Ancient grains are rapidly gaining in popularity here in the US. These types of grains don’t have an official definition, but most come from plants that have been cultivated for 100’s of years – way before modern times. Many of these grains are still quite common and frequently used in their countries of origin like Africa, Europe or the Middle East. Here, these different grains have gained popularity for their unique flavor, but also their health benefits. Most, if not all, ancient grains are 100% whole grains.
I’ve cooked with a few of these grains – like quinoa, millet and faro. But I have a few I still have yet to work with, like sorghum or spelt or even bulgur (I’ll have to let you know how they turn out!). But I thought I’d share some insight into the flavors, cooking recommendations and background information on some of these old newbies! And share a recipe or two from a few fellow food bloggers.
- Buckwheat – although this grain has “wheat” in it name, it’s actually completely unrelated to wheat. It’s a gluten-free seed from a fruit related to rhubarb! I find the best way to cook buckwheat is to simmer in boiling water for about 20 minutes and then drain just as you would pasta. 1 cup of raw buckwheat is about 4 cups cooked. Buckwheat can also be roasted in the oven to make Kasha which is a great addition to granola. Or even ground into a delicious gluten-free flour. Try buckwheat in Crunchy Buckwheat Granola from Kath Eats!
- Bulgur – is a dried, cracked wheat kernel that is great because it requires minimal cooking. Just soak for 30-45 mins in boiling water and they’ll be ready to eat! One cup of bulgur is about 3 cups cooked. Try in this Bulgur Salad with Chickpeas & Red Peppers from Smitten Kitchen.

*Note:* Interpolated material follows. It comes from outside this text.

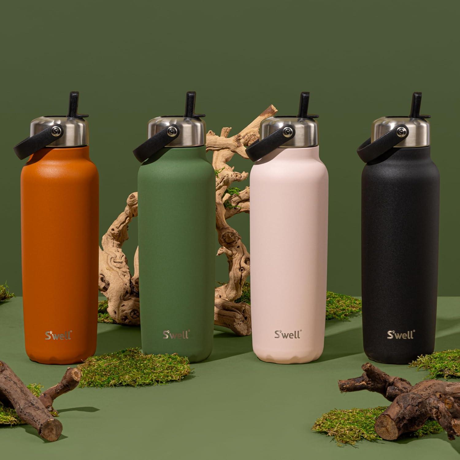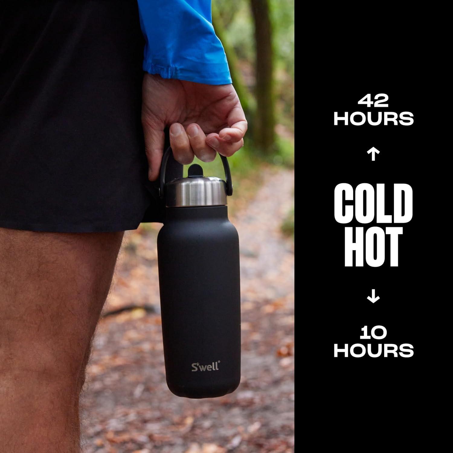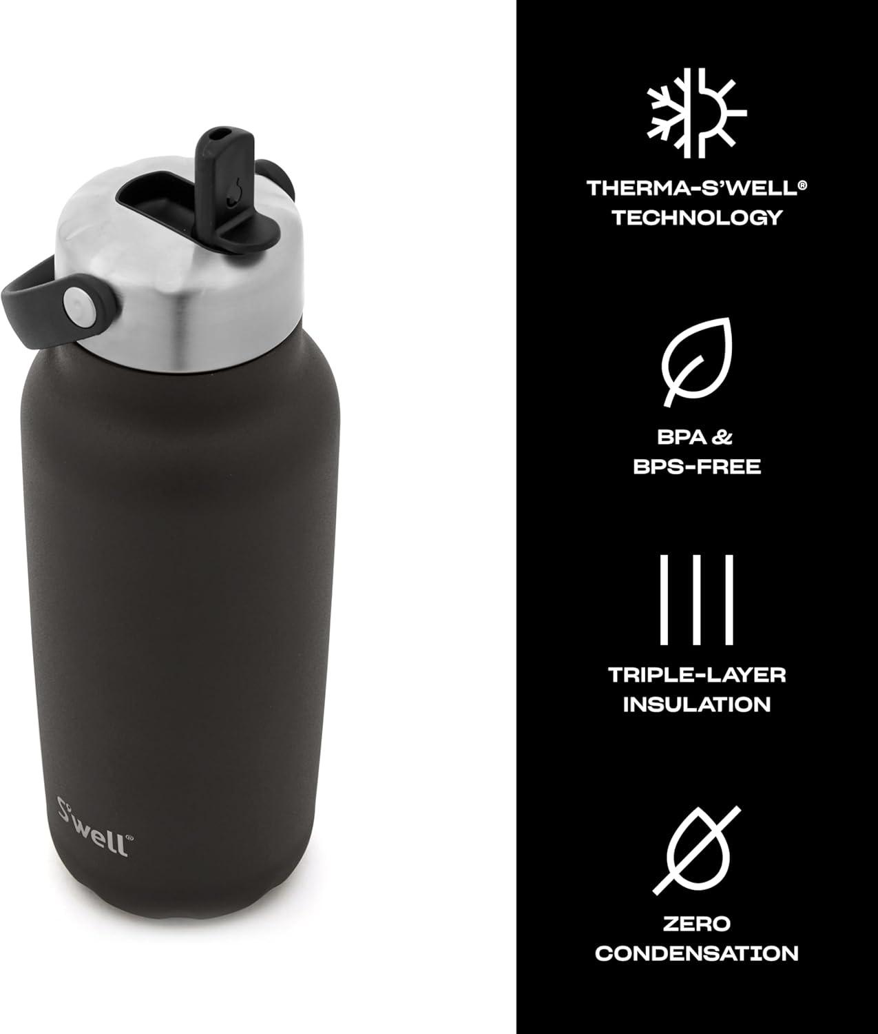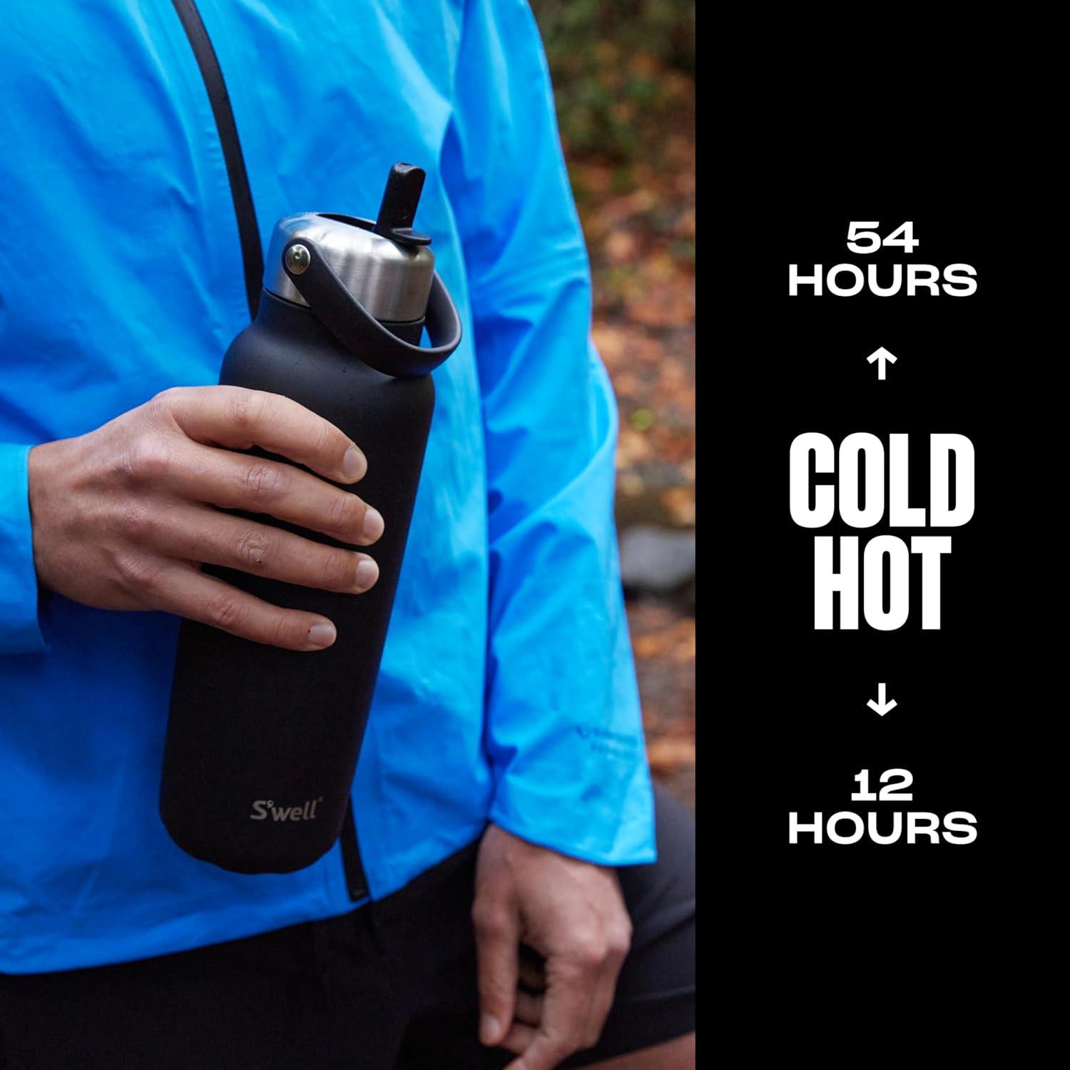 TRIPLE-LAYERED INSULATION: S’well 40oz Explorer with recycled stainless steel. Triple-layered, vacuum-insulated construction keeps drinks cold for 54 hours and hot for 12. Dishwasher safe. Flip Straw Lid is top-rack only.

- Farro – originally from Egypt, it’s been grown in Italy for 100’s of years and now even being grown in the US. Farro is a type of wheat which you can find in whole grain form or semi-pearled or pearled (less nutrients). If using whole, farro can take up to 45 mins-1 hour to cook. Semi-pearled and pearled take less time, but you’re missing out on great nutrients. It’s nutty flavor lends well to cold salads or a filling substitute for rice! Try this Farro With Feta, Cucumbers & Sundried Tomatoes from Skinny Taste.
- Spelt – is similar to Farro in that it’s a form of wheat. These grains stay nice and fluffy and separate after their cooked which is nice. You can soak spelt over night to shave off about 20 minutes from the cooking time. But again, cook like pasta in large amounts of boiling water for 45 mins – 1 hour. One cup of uncooked grains will yield about 3 cups cooked. Try this Cilantro Lime Spelt Berry Salad from Oh She Glows.
- Millet – is produced mainly in India, Africa and China. It’s super easy to prepare with no presoaking required. A quick 30 minute boil is all it takes. Toasting millet prior to cooking helps enhance its nutty corn like flavor. Millet can be used in place of rice or can be prepared into a creamy porridge like consistency. Try this Creamy Millet Porridge with Roasted Strawberries from Naturally Ella.